Warning: This review reveals the film’s ending. 

Foxcatcher’s factual credentials may be shaky but it’s an excellent and discombobulating psychological excavation – the kind of movie that creeps up on you, much the like the enigmatic John Du Pont, played with quiet menace by a transformed Steve Carrell. The movie compresses the timeline of events that saw Mark Schultz, winner of the 1984 Olympic gold medal for wrestling taken to Du Pont’s Xanadu and offered bottomless training resources in return for his help in offsetting the gazillionaire’s dynastic inferiority complex (his ancestors had real battles to fight, rather than the proxy peacetime affairs sport provides), while distending the spoilt bastard’s mental fragility, so he’s unhinged from the start. This makes director Bennett Miller a poor biographer but a good storyteller.
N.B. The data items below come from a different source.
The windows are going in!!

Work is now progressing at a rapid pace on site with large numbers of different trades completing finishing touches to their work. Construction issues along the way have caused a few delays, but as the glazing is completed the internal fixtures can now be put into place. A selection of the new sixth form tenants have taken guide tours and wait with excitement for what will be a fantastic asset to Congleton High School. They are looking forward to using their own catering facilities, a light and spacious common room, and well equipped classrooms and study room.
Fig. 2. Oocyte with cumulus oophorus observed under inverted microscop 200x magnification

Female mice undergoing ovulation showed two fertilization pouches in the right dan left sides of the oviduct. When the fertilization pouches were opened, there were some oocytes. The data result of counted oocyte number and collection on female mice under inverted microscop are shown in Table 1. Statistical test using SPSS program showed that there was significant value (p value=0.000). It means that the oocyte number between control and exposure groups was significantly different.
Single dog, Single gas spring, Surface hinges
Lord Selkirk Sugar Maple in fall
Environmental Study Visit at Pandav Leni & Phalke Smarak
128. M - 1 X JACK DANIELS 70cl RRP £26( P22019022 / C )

In a movie where very little actually happens, ramping up the dial on the pressure cooker’s a smart play. Those new to the story can sense its trajectory long before the characters, but with Du Pont first enticing then bullying Channing “Chatum” Tatum’s lunk, as their curious parody of a father/son relationship plays out with the sponsor showing a clear and divisive preference for Mark’s older brother David, it’s not clear who’s going to snap and why. Thus, unusually for most dramas, let alone those based on a true story, the movie’s murky narrative grips from beginning to end. The only thing that can be said for sure is that it’s not about wrestling and it certainly isn’t about one man’s patriotic desire to produce a series of domestic champions.
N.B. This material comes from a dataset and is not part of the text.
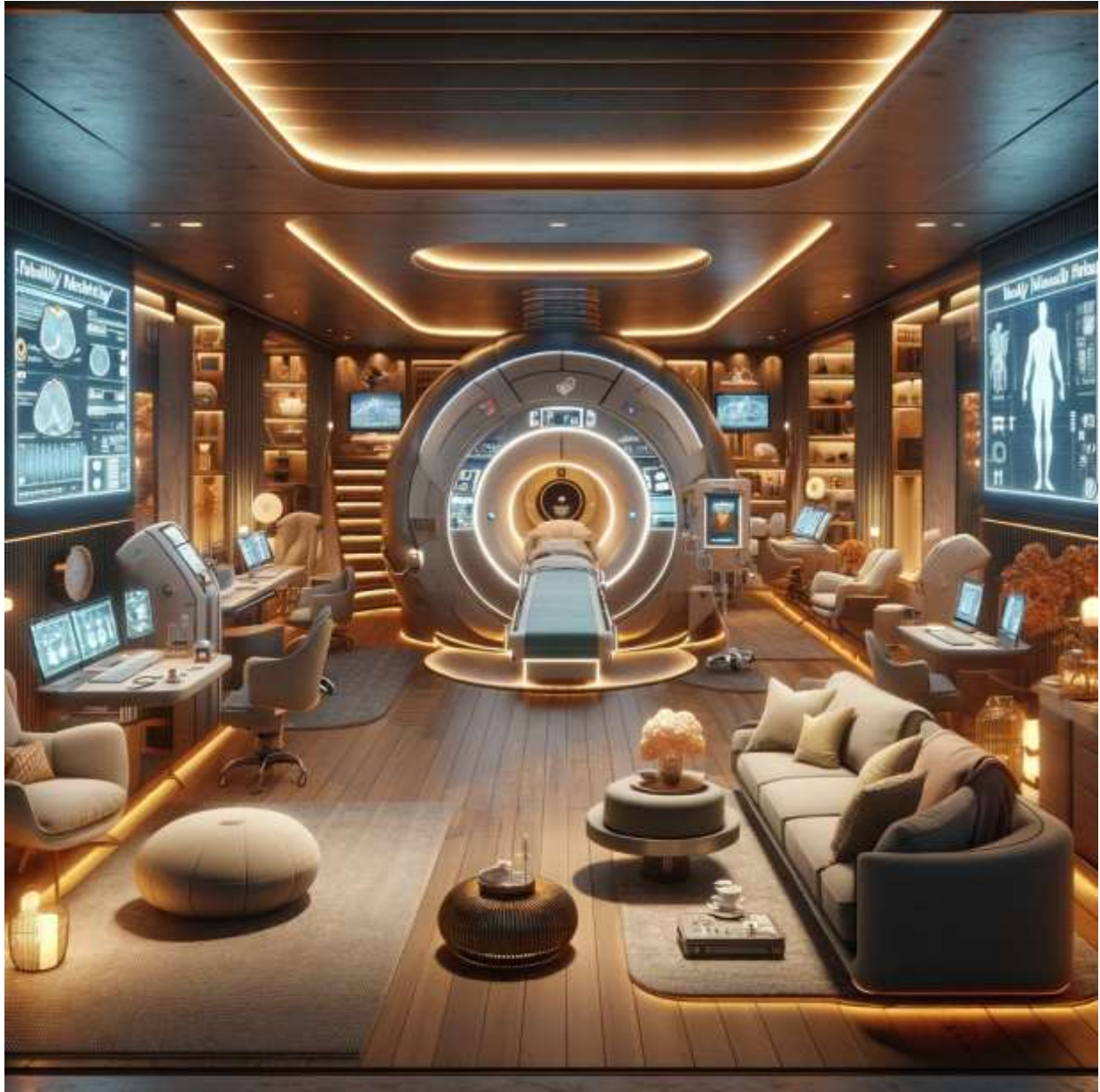
A medical room designed by SAFE. SAFE

swimming pool, so it looks like you are swimming with sharks. And the pool is more like a water park, with a flow river, a lazy river, a grotto and a glass bottom, so you can see a go-cart track underneath the pool. This guy's got all the toys! He has a safe room and we did one secret door that's exclusively for security, but the rest is mostly just for showing off."

Miller’s movie chips away at its characters’ psyches, giving it 110%. We’re presented with a very modern tragedy. On one hand there’s Du Pont, made uncanny by Carrell’s pallid prosthetic forehead and worn false teeth, who speaks like a man grown in isolation and moves like he’s physically carrying a legacy unbecoming of so minor and insecure a figure. Vanessa Redgrave, as Du Pont’s domineering mother (Tatum notes her picture hangs in the toilet), underscores his emasculation; a man with no friends and no talent who carries a name synonymous with industry and American success. On the other hand there’s Schultz the younger – a witless bag of muscle and ambition, who despite his success at the Olympics, lives in the shadow of his older, smarter, wrestler brother. Mark Ruffalo’s David, perhaps in deference to the dead man he plays, is honourable, decent and largely untroubled, yet it’s him, not either half of the two hander that draws the movie’s focus, that ends up the victim. In this film, as in the real world it derivates from, the bystanders are notes in the margin.
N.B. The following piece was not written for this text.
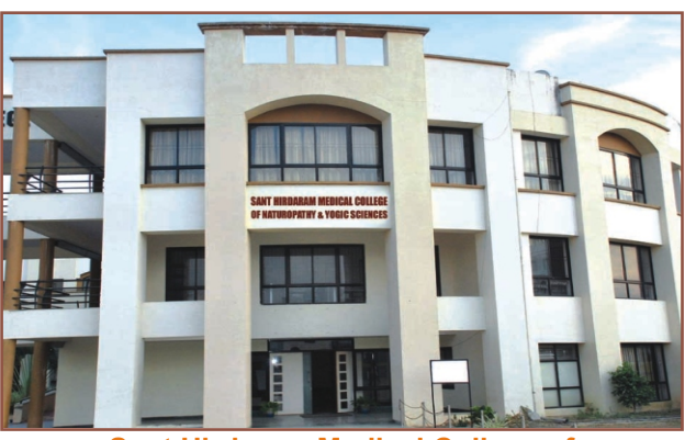
Sant Hirdaram Medical College of Naturopathy & Yogic Sciences

Some will question whether Miller’s right to try and ascribe a motive of sorts to a crime that many thought largely incomprehensible, but your movie has to be about something beyond the incidental. Foxcatcher’s a contemplative and absorbing slice of life that topples two pillars of conventional wisdom, namely the idea that a drama has to be full of conspicuous incident to succeed and that so-called comic actors can’t play serious roles. See it and re-educate yourself.

Directed by: Bennett Miller

Country: US

Year: 2014

Running Time: 129 mins

Certificate: 15 for conspicuous makeup, long stares and dull wrestling.